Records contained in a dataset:
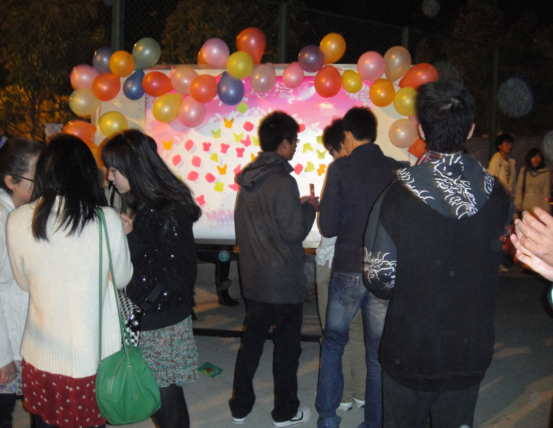 一进入舞会现场,首先引入眼帘的就是一块装饰温馨的许愿墙,同学们纷纷在这里写下自己的新年愿望。每位同学在进入舞会现场时都会拿到一个号码和一张写着分组的精美书签。相同的号码让原本互不相识的男生女生成为今晚默契的搭档,在舞池中浪漫共舞,在游戏中齐心协力。
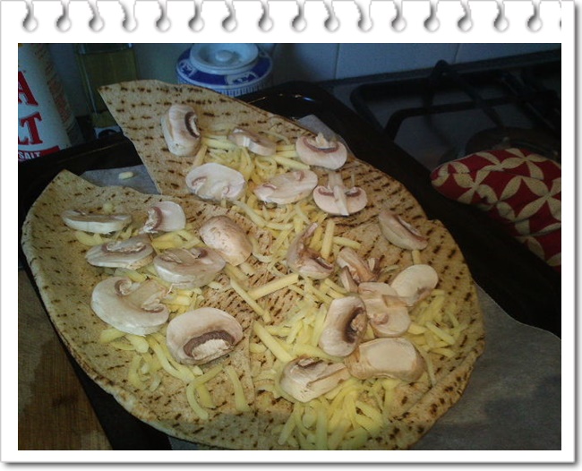 在薄饼上放上一般的奶酪和蘑菇片,小烤箱预热200度烤5分钟。
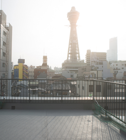 在桃李SQHOOL正對面是充滿昔日風情的大阪地標通天閣。20世紀初期,受到大阪博覽會的人潮以及電車開通的影響,便模仿巴黎的都市計畫來設計街道,並建造通天閣,一舉成為當時最大的遊憩區,然而進入昭和年代後,其他地區陸續開發,人潮不再,一切猶如時間靜止被停留在那一刻。如今附近成為庶民美食街,保留著有懷舊感的咖啡館、串炸、以及站著品嘗的立食小吃與將棋店。
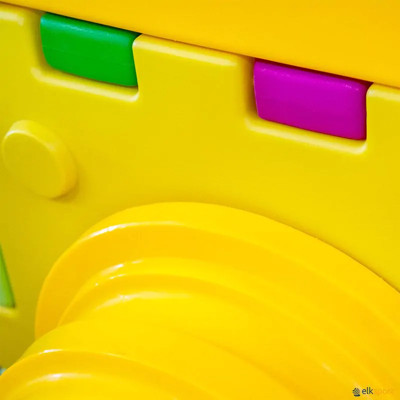 Cubic Toy H2000, constituído por: 14 Painéis do cubo, 2 Passadiços, 2 Túneis, 1 Escorrega grande, 1 Escada grande, 2 Protetores Laterais, 4 Placas triangulares, 2 Escorregas, 1 Secção superior do cubo. Espaço necessário : 4,20 x 4 m.
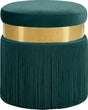 Glam it up with this Yasmine Green Velvet Ottoman/Stool. An elegant design marries traditional design elements with contemporary panache, with the result being this fabulous stool that will become the center of attention wherever you use it. The top of this beautiful stool is covered in velvet for a chic sophistication and soft comfort as you sit. The bottom is outfitted with thin tassels for added texture and fun, and a stainless steel band intersects the top and bottom to form an interesting and visually stunning contrast.
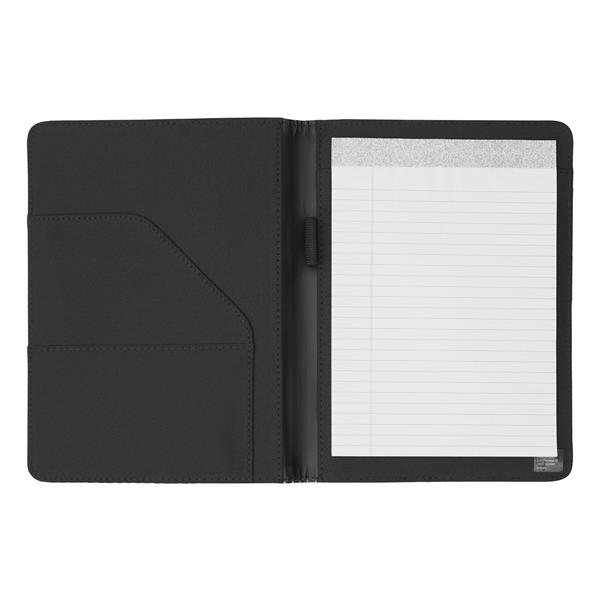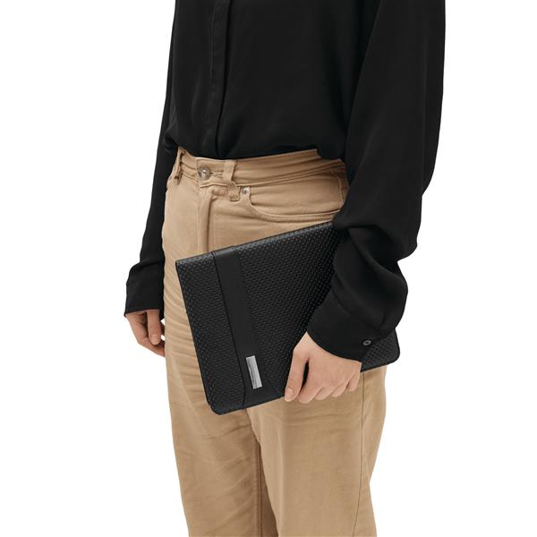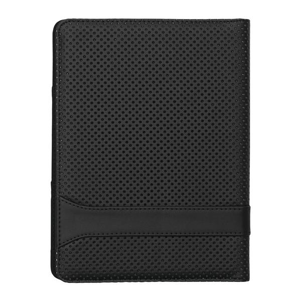 Portfolio HILL DALE w formacie A5, wewnątrz różne wsuwane kieszonki, zawiera notes w linie, pętelkę na długopis – na zewnątrz perforowany wzór, z metalową płytką na Twoje logo.
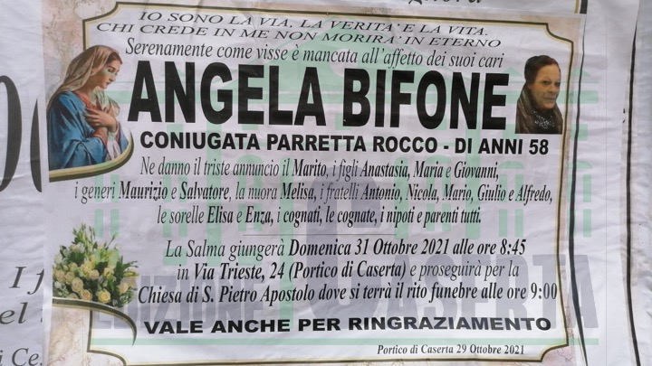 Portico di Caserta. E’ Scomparsa a soli 58 anni Angela Bifone, sorella del boss Antonio Bifone, alias Zuzù, storico esponente della NCO e dell’omonimo clan locale.
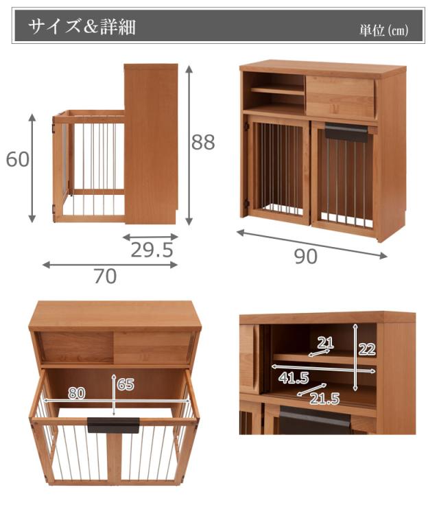 | その他サイズ | ケージ内寸/(約)幅80×奥行65×高さ60cm 扉内寸/(左右共通)(約)幅41.5×奥行21.5×高さ22cm 棚板/可動式:2枚 |

WORK INSTRUCTIONS:
Each line of the data must be restated exactly, and the pictures must be left out.

ANSWER FOR THE TASK:
 一进入舞会现场,首先引入眼帘的就是一块装饰温馨的许愿墙,同学们纷纷在这里写下自己的新年愿望。每位同学在进入舞会现场时都会拿到一个号码和一张写着分组的精美书签。相同的号码让原本互不相识的男生女生成为今晚默契的搭档,在舞池中浪漫共舞,在游戏中齐心协力。
 在薄饼上放上一般的奶酪和蘑菇片,小烤箱预热200度烤5分钟。
 在桃李SQHOOL正對面是充滿昔日風情的大阪地標通天閣。20世紀初期,受到大阪博覽會的人潮以及電車開通的影響,便模仿巴黎的都市計畫來設計街道,並建造通天閣,一舉成為當時最大的遊憩區,然而進入昭和年代後,其他地區陸續開發,人潮不再,一切猶如時間靜止被停留在那一刻。如今附近成為庶民美食街,保留著有懷舊感的咖啡館、串炸、以及站著品嘗的立食小吃與將棋店。
 Cubic Toy H2000, constituído por: 14 Painéis do cubo, 2 Passadiços, 2 Túneis, 1 Escorrega grande, 1 Escada grande, 2 Protetores Laterais, 4 Placas triangulares, 2 Escorregas, 1 Secção superior do cubo. Espaço necessário : 4,20 x 4 m.
 Glam it up with this Yasmine Green Velvet Ottoman/Stool. An elegant design marries traditional design elements with contemporary panache, with the result being this fabulous stool that will become the center of attention wherever you use it. The top of this beautiful stool is covered in velvet for a chic sophistication and soft comfort as you sit. The bottom is outfitted with thin tassels for added texture and fun, and a stainless steel band intersects the top and bottom to form an interesting and visually stunning contrast.
 Portfolio HILL DALE w formacie A5, wewnątrz różne wsuwane kieszonki, zawiera notes w linie, pętelkę na długopis – na zewnątrz perforowany wzór, z metalową płytką na Twoje logo.
 Portico di Caserta. E’ Scomparsa a soli 58 anni Angela Bifone, sorella del boss Antonio Bifone, alias Zuzù, storico esponente della NCO e dell’omonimo clan locale.
 | その他サイズ | ケージ内寸/(約)幅80×奥行65×高さ60cm 扉内寸/(左右共通)(約)幅41.5×奥行21.5×高さ22cm 棚板/可動式:2枚 |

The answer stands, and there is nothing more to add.